AI’s double hype: from GenAI to agents | NTT DATA

Tue, 09 September 2025

AI’s double hype: from GenAI to agents

In recent weeks, the debate over the accuracy of OpenAI’s GPT-5 model has reignited conversations about AI. Some voices question whether it represents a disruptive leap or whether its impact is being overstated. It mirrors what’s happening across the market: when enthusiasm runs too high, the risk of disappointment multiplies. 

Over the past two years, GenAI has gone through one of the most exaggerated hype cycles in tech history. Its power to transform content creation, productivity, and even business models seemed limitless. And unlike other innovations, there was barely any time to cross the well-known “trough of disillusionment” in Gartner’s Hype Cycle. Before the tide ebbed, an even bigger one arrived: AI agents. 

Today, nearly every new product or service introduced to the market is being branded as “agentic.” Both major tech vendors and emerging players have doubled down. If GenAI promised to revolutionize how we work, AI agents offer something more ambitious: rethinking how companies operate as a whole. Why limit ourselves to automating current processes if we can transform entire value chains?

Phases of adjustment, realism, and consolidation

Before we fully travel GenAI’s learning curve—with its lessons, failures, and proven wins—we’re being offered a second, even steeper roller coaster. Experience, however, shows that no technology achieves real impact without first going through phases of adjustment, realism, and consolidation. The risk is clear: a wave of mistrust could surface at the first disappointment, leading to budget cuts and the slowdown of strategic initiatives precisely when companies most need to build internal capabilities.

That’s why we need to separate the short-term buzz from the deeper trends shaping the market. The potential of Agentic AI is real. Its impact may not arrive as quickly as some claim, and we may go through a correction phase in the coming months, but the course is already charted. In terms of business process design, the operation of global value chains, and the creation of digital assets to differentiate ourselves with customers and competitors, intelligent agents will drive real transformation

Concrete use cases that bridge the gap from theory to real-world operations are rapidly multiplying. Consider, for example, agents capable of orchestrating heterogeneous systems to execute complex end-to-end administrative tasks in back-office operations. Or customer-service agents that go beyond answering questions to make decisions, escalate incidents, and personalize interactions in real time. Or agents dedicated to the supply chain that anticipate logistics disruptions, negotiate with suppliers, and recommend corrective actions. 

These cases demonstrate that this is not about “advanced chatbots,” but about a new operational intelligence layer redefining how organizations create value. 

The future is agentic

Even if skeptical or critical voices emerge, the recommendation for large enterprises is clear: keep investing.

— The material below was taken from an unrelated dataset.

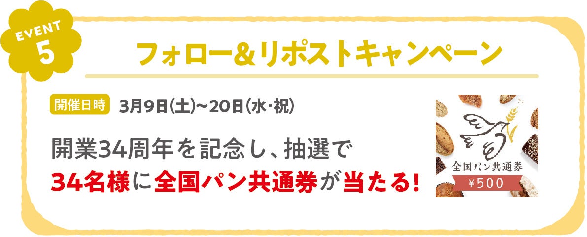 開業34周年を記念し、抽選で34名様に全国パン共通券が当たる

Agentic AI represents an irreversible technological and business metamorphosis. It’s essential to move beyond abstract promises and focus on specific use cases with tangible business impact—always within a solid framework for agent governance.  

That framework includes data quality and management (RAG, embeddings, chunking, context management), guardrail design, and security policies that control autonomy without compromising reliability or regulatory compliance, along with human-in-the-loop oversight for strategic decision cycles. 

The future will be agentic—not built on hype, but on strategic vision, disciplined execution, and robust governance.